TASK:
Which lines below fall between the one containing "are tender, the" and the one containing "Часы наручные женские"? Repeat them exactly, counting both of those lines, and add nothing else.

EXTRACTED INFORMATION:
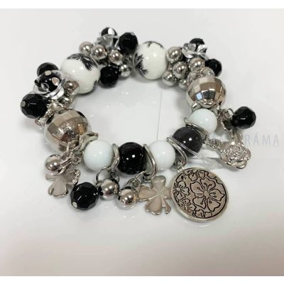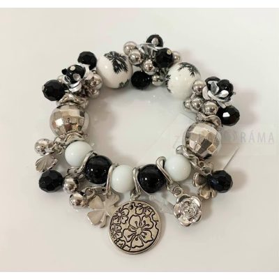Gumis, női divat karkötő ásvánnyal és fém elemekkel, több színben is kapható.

---

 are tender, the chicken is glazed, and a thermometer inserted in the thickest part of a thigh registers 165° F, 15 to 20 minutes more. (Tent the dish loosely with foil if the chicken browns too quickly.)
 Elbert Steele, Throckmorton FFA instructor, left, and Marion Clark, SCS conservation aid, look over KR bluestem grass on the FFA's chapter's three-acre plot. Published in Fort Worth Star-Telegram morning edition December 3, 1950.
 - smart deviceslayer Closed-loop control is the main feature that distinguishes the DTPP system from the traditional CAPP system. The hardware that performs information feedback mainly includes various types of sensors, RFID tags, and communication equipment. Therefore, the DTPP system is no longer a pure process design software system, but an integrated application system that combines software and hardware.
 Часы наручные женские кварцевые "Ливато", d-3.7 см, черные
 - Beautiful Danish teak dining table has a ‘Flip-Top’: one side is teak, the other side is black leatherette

EXERCISE ANSWER:
 are tender, the chicken is glazed, and a thermometer inserted in the thickest part of a thigh registers 165° F, 15 to 20 minutes more. (Tent the dish loosely with foil if the chicken browns too quickly.)
 Elbert Steele, Throckmorton FFA instructor, left, and Marion Clark, SCS conservation aid, look over KR bluestem grass on the FFA's chapter's three-acre plot. Published in Fort Worth Star-Telegram morning edition December 3, 1950.
 - smart deviceslayer Closed-loop control is the main feature that distinguishes the DTPP system from the traditional CAPP system. The hardware that performs information feedback mainly includes various types of sensors, RFID tags, and communication equipment. Therefore, the DTPP system is no longer a pure process design software system, but an integrated application system that combines software and hardware.
 Часы наручные женские кварцевые "Ливато", d-3.7 см, черные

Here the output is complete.